■ Data excerpt:
..............................
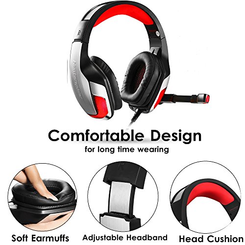 [Extremer Komfort] Professionelles Gaming Headset mit super leichter Konstruktion und weniger als 380g. Weicher, komfortabler und verstellbarer Kopfbugel und weiche Ohrpolster, die keine Druck auf die Ohren ausuben und nicht uberhitzen werden. Dadurch sind die Kopfhorer auch nach langem Tragen noch extrem komfortabel. Durch den verstellbaren Bugel passt dieser Kopfhorer auf verschiedene Kopfgrossen und ist fur Frauen, Manner und Kinder geeignet.
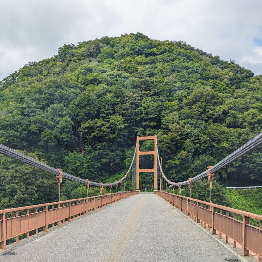 そして目的地、川俣温泉方面!!初見参!!川俣湖がお出迎えです。。。いや〜景観が素敵!!が、吊り橋の下を見たらゾクゾクするほどの高さ!!アカ〜〜〜ン!怖い。。。の時のエブリィサラダ館号!!途中も良いロケーションで、時間押せ押せだわよ〜
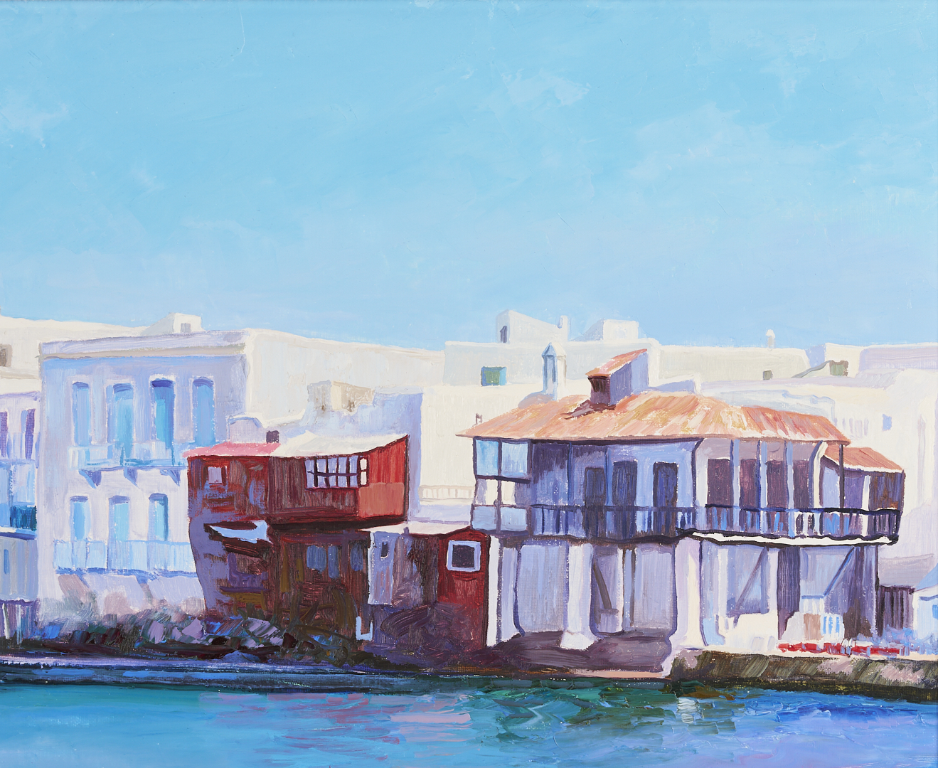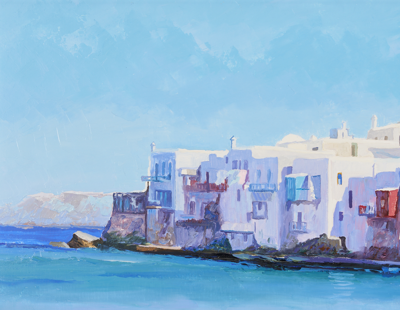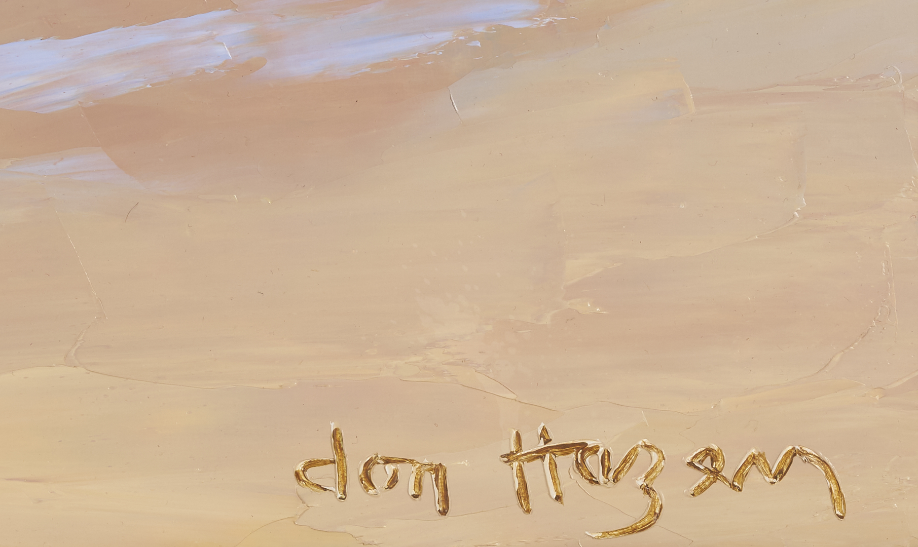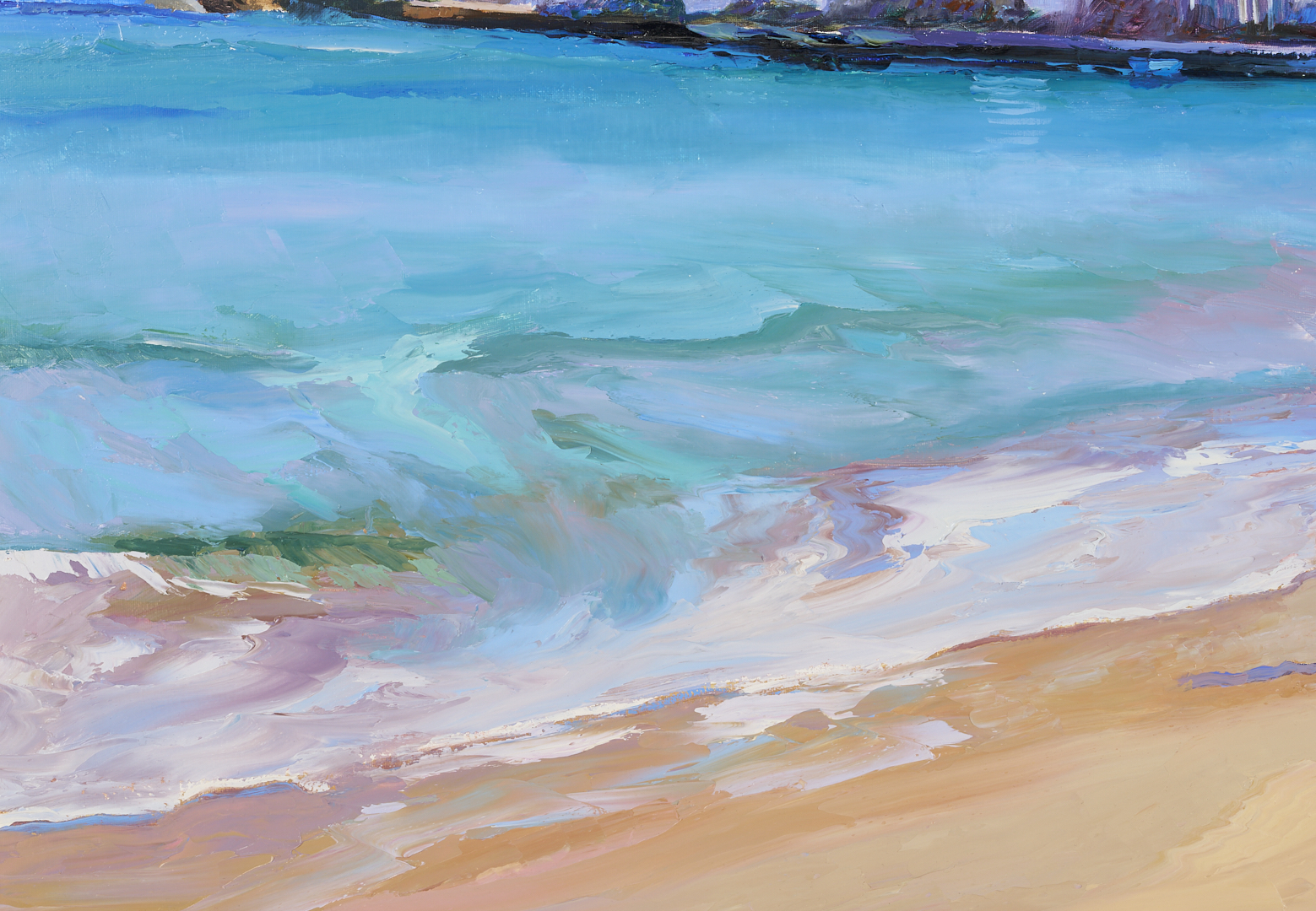 Large Don Hazen (Tennessee/Florida/Spain, b. 1933) colorful oil on canvas beach scene depicting a young girl playing on the beach with a dense row of houses visible in the background. Signed lower right. With Wally Findlay Galleries, Chicago label affixed to backing. Housed in an angled gilt wood frame with linen liner. Sight: 24 5/8 in. H x 35 1/4 in. W. Frame: 30 3/4 in. H x 41 3/4 in. W. Biographical Note: Don Hazen was born in Johnson City, Tennessee. He attended East Tennessee State University and served in the Army in Japan and Korea before meeting and studying wtih mural painter Dan Chapin in Denver. He then moved to Florida where he took classes at the Orlando Institute of Art and studied with portrait painter Robert Anderson. He went to Europe in the 1960s and eventually settled in Spain, where he married and began painting from nature. He was represented in the U.S. by Wally Findlay Galleries starting in 1974.
..............................
■ Exercise goal: Retype the data word for word, please, and keep the images out.

■ Expected answer:
 [Extremer Komfort] Professionelles Gaming Headset mit super leichter Konstruktion und weniger als 380g. Weicher, komfortabler und verstellbarer Kopfbugel und weiche Ohrpolster, die keine Druck auf die Ohren ausuben und nicht uberhitzen werden. Dadurch sind die Kopfhorer auch nach langem Tragen noch extrem komfortabel. Durch den verstellbaren Bugel passt dieser Kopfhorer auf verschiedene Kopfgrossen und ist fur Frauen, Manner und Kinder geeignet.
 そして目的地、川俣温泉方面!!初見参!!川俣湖がお出迎えです。。。いや〜景観が素敵!!が、吊り橋の下を見たらゾクゾクするほどの高さ!!アカ〜〜〜ン!怖い。。。の時のエブリィサラダ館号!!途中も良いロケーションで、時間押せ押せだわよ〜
 Large Don Hazen (Tennessee/Florida/Spain, b. 1933) colorful oil on canvas beach scene depicting a young girl playing on the beach with a dense row of houses visible in the background. Signed lower right. With Wally Findlay Galleries, Chicago label affixed to backing. Housed in an angled gilt wood frame with linen liner. Sight: 24 5/8 in. H x 35 1/4 in. W. Frame: 30 3/4 in. H x 41 3/4 in. W. Biographical Note: Don Hazen was born in Johnson City, Tennessee. He attended East Tennessee State University and served in the Army in Japan and Korea before meeting and studying wtih mural painter Dan Chapin in Denver. He then moved to Florida where he took classes at the Orlando Institute of Art and studied with portrait painter Robert Anderson. He went to Europe in the 1960s and eventually settled in Spain, where he married and began painting from nature. He was represented in the U.S. by Wally Findlay Galleries starting in 1974.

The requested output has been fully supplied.